## Input records
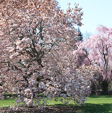 Boston boasts spectacular displays of Magnolias, from The Arnold Arboretum of Harvard University in Jamaica Plain to Commonwealth Avenue. Fifty three years ago, in 1963, civic activist Laura Dwight launched a community-wide drive to beautify the Back Bay. She recruited a group of volunteers, who planted the first saucer magnolias (Magnolia soulangeana) and Star Magnolias (Magnolia stellata) along Commonwealth Avenue. In 1995, The Garden Club of the Back Bay oversaw a second planting of more than forty Magnolia x ‘Leonard Messel’ -- adding to the spectacular spring display.
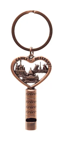 Брелок сердце свисток СПб.Коллаж Исаакий, цв.медь
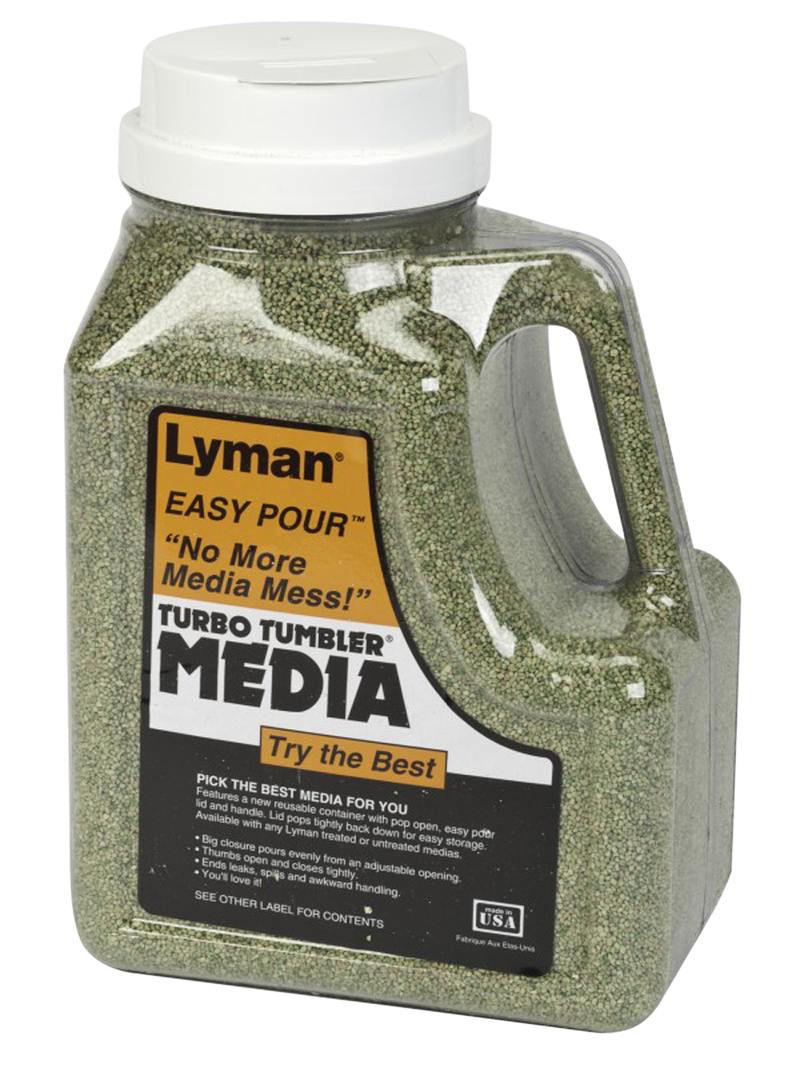 Lyman Turbo Case Cleaning Media is a specially treated ground corncob media designed to clean, polish, and prepare cartridge cases for reloading. The 4.5 lb container works with Lyman Turbo Tumblers and most competitor tumbler models to restore dirty and tarnished cases in a matter of hours. Compatible with all calibers and case types.
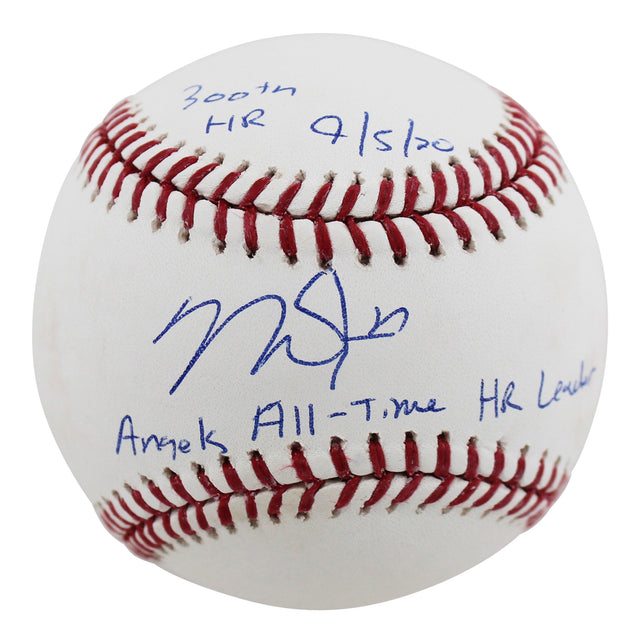 Own a piece of baseball history with this Mike Trout Autographed OML Baseball, featuring the exclusive inscription: "Angels All-Time Home Run Leader, 300th HR 9/5/20." A true collector's item, this baseball commemorates a milestone moment in Los Angeles Angels history, celebrating Trout’s legendary career.
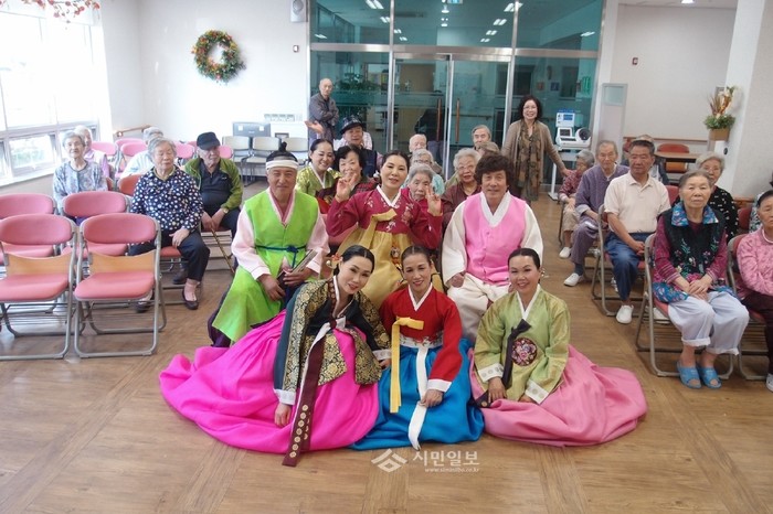 지난 14일 경기 용인시 처인구 유림동 자치센터 동아리 '한맥유림'이 지역내 문화소외계층들이 문화를 체험할 수 있도록 찾아가는 재능기부공연 '작지만 큰 행복'을 양지면 온누리요양병원에서 진행했다. 사진은 공연에 참여한 동아리 회원들의 모습. (사진제공=용인시청)
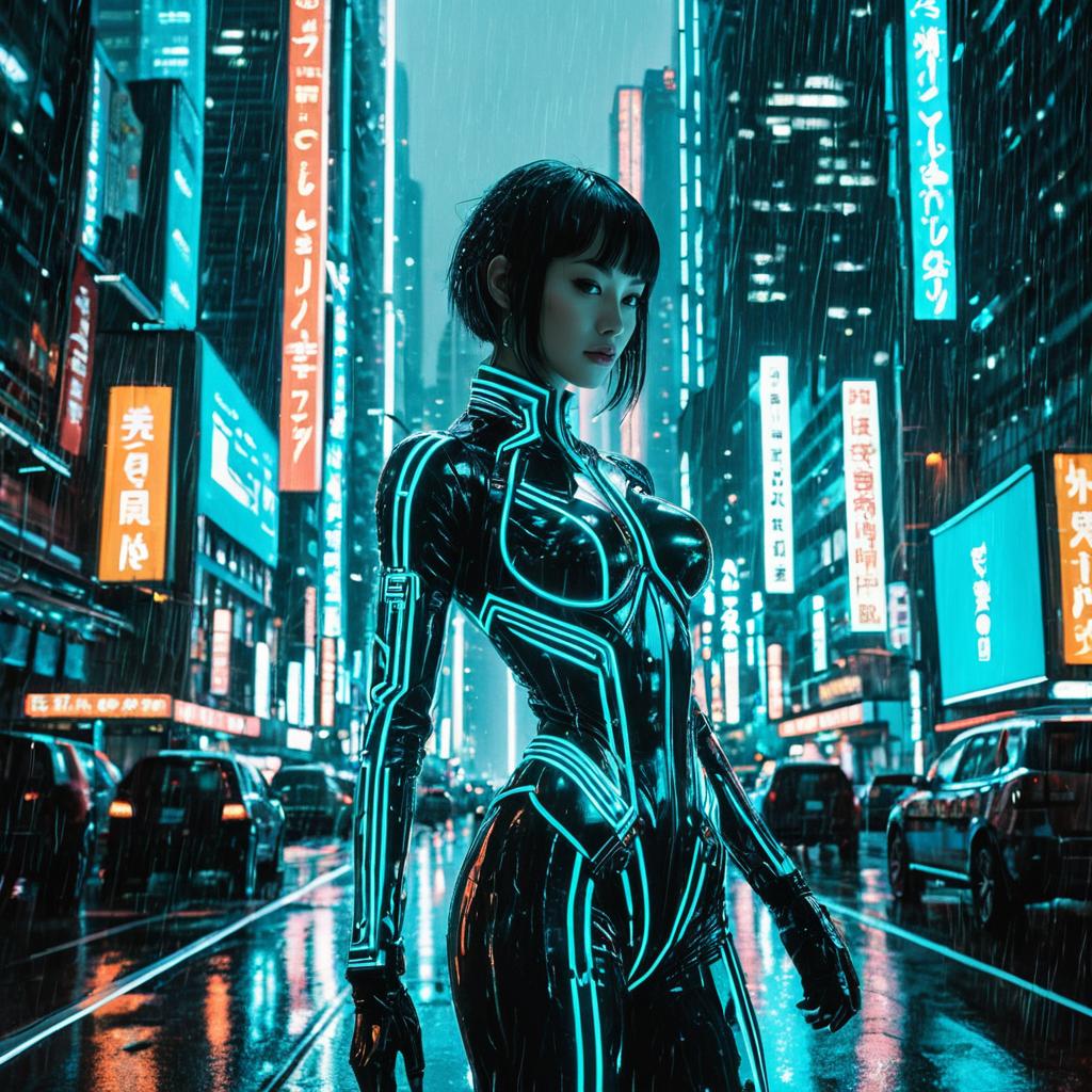 Sensual Neon-Lit Gynoid in Futuristic Landscape

## What to produce
A word-for-word copy of all the records above is required, with the pictures left out.

## Answer section
 Boston boasts spectacular displays of Magnolias, from The Arnold Arboretum of Harvard University in Jamaica Plain to Commonwealth Avenue. Fifty three years ago, in 1963, civic activist Laura Dwight launched a community-wide drive to beautify the Back Bay. She recruited a group of volunteers, who planted the first saucer magnolias (Magnolia soulangeana) and Star Magnolias (Magnolia stellata) along Commonwealth Avenue. In 1995, The Garden Club of the Back Bay oversaw a second planting of more than forty Magnolia x ‘Leonard Messel’ -- adding to the spectacular spring display.
 Брелок сердце свисток СПб.Коллаж Исаакий, цв.медь
 Lyman Turbo Case Cleaning Media is a specially treated ground corncob media designed to clean, polish, and prepare cartridge cases for reloading. The 4.5 lb container works with Lyman Turbo Tumblers and most competitor tumbler models to restore dirty and tarnished cases in a matter of hours. Compatible with all calibers and case types.
 Own a piece of baseball history with this Mike Trout Autographed OML Baseball, featuring the exclusive inscription: "Angels All-Time Home Run Leader, 300th HR 9/5/20." A true collector's item, this baseball commemorates a milestone moment in Los Angeles Angels history, celebrating Trout’s legendary career.
 지난 14일 경기 용인시 처인구 유림동 자치센터 동아리 '한맥유림'이 지역내 문화소외계층들이 문화를 체험할 수 있도록 찾아가는 재능기부공연 '작지만 큰 행복'을 양지면 온누리요양병원에서 진행했다. 사진은 공연에 참여한 동아리 회원들의 모습. (사진제공=용인시청)
 Sensual Neon-Lit Gynoid in Futuristic Landscape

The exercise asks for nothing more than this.